I think this thread has set a record for levels of narcisism and greed.

Entertainment value is pretty darned high as well 


In case anyone is interested I have a photo of Hillary's naked, wrinklely, pimplely old butt that I made myself, that I will happily donate to anyone that might want to use it as their avatar, free of charge.
.
.
.

Wait a minute...
.
.
.
My mistake, after putting on my glasses i see it's a picture of her face. Nevermind.
.
.
.
.
Well, did a little humor help?

When I told my wife I had injected a little humor in the thread, she said, "Very!".


----------



## SGG (Nov 25, 2015)

screwedby said:


> I think this thread has set a record for levels of narcisism and greed.
> 
> Entertainment value is pretty darned high as well
> 
> ...


I laughed.
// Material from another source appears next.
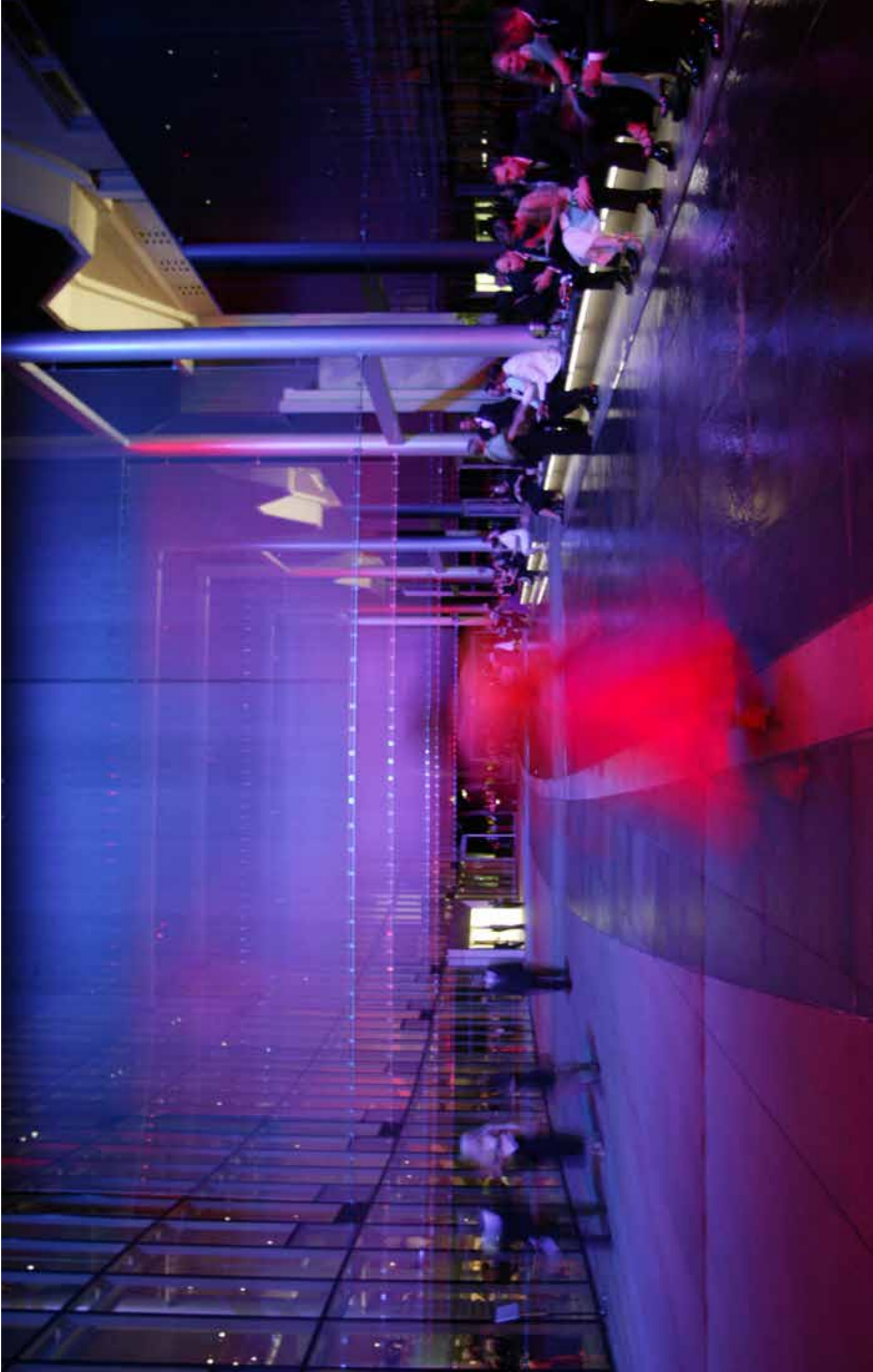
KRELSHEIMER PLAZA AT MARION O. MCCAW HALL, SEATTLE, WA

I don't think Will2 likes seeing this thread bumped to the top though


----------



## screwedby (Oct 21, 2015)

Group bump?


----------



## Prepper News (Jan 17, 2016)

M118LR said:


> I'm a bit confused, if there isn't a copy write symbol attached I thought it was considered Public Domain?
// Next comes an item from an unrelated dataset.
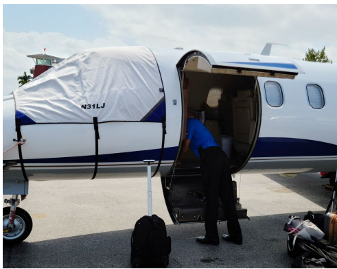
Lear 31A Cockpit Cover
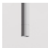
07 wrinkled white RAL 9016

Copyright protection begins from the time an original work is created. Copyright notice isn't required.

http://www.copyright.gov/circs/circ01.pdf


----------



## Targetshooter (Dec 4, 2015)

here is one for you SGG,,,,,,, Mans best friend ,,,,,,,,,,,,


----------



## SGG (Nov 25, 2015)

Targetshooter said:


> View attachment 14814
> here is one for you SGG,,,,,,, Mans best friend ,,,,,,,,,,,,


Both of them!


----------



## SGG (Nov 25, 2015)

Prepper News said:


> Copyright protection begins from the time an original work is created. Copyright notice isn't required.
> 
> http://www.copyright.gov/circs/circ01.pdf


Oh well, lesson learned.

Fyi, I was the one to contact an admin to help with removal of pics, after Will2 insisted they be removed. What a crybaby


----------



## Prepper News (Jan 17, 2016)

SGG said:


> Oh well, lesson learned.
> 
> Fyi, I was the one to contact an admin to help with removal of pics, after Will2 insisted they be removed. What a crybaby


Don't lose any sleep  .


----------



## tirednurse (Oct 2, 2013)

will2 said:


> because its my property, and my identity they are using for public purposes.
> 
> Don't extract images from my videos and post them online in unapproved usages if you don't want me to notify you not to and take measures to stop the abuses and harassment. It is not fair use. If it was fair use it would be a different issue. I am in general very much in support of responsible use of ip, i do not consider their usages responsible, and i consider them damaging usages, therefor unapproved usages.
> 
> ...


oh just shut the hell up!!!!!!!!!!!!!! You contribute nothing to the conversation because you know nothing!!!!!!!!


----------



## M118LR (Sep 19, 2015)

tirednurse, Will2 can always be a shining example of a bad example. :lol:


----------



## tirednurse (Oct 2, 2013)

M118LR said:


> tirednurse, Will2 can always be a shining example of a bad example. :lol:


I totally disagree... He is actually the perfect example of what is wrong with this world. to many people spewing diarrhea out their mouths and not enough common sense to shut the blow hole.


----------



## Mosinator762x54r (Nov 4, 2015)

Man's best friend and worst enemy.



Targetshooter said:


> View attachment 14814
> here is one for you SGG,,,,,,, Mans best friend ,,,,,,,,,,,,


----------



## Mosinator762x54r (Nov 4, 2015)

I like the way you say blow hole. Giggity! :-D:-D:-D:rofl3::rofl3::rofl3:



tirednurse said:


> I totally disagree... He is actually the perfect example of what is wrong with this world. to many people spewing diarrhea out their mouths and not enough common sense to shut the blow hole.


----------



## Prepper News (Jan 17, 2016)

Mosinator762x54r said:


> I like the way you say blow hole. Giggity! :-D:-D:-D:rofl3::rofl3::rofl3:


easy...you may be next after Will.


----------



## Mosinator762x54r (Nov 4, 2015)

Wait a second...Will is getting crushed for not being able to take a joke and now I'm a bad guy for making a joke. Oy...



Prepper News said:


> easy...you may be next after Will.


----------



## hawgrider (Oct 24, 2014)

tirednurse said:


> I totally disagree... He is actually the perfect example of what is wrong with this world. to many people spewing diarrhea out their mouths and not enough common sense to shut the blow hole.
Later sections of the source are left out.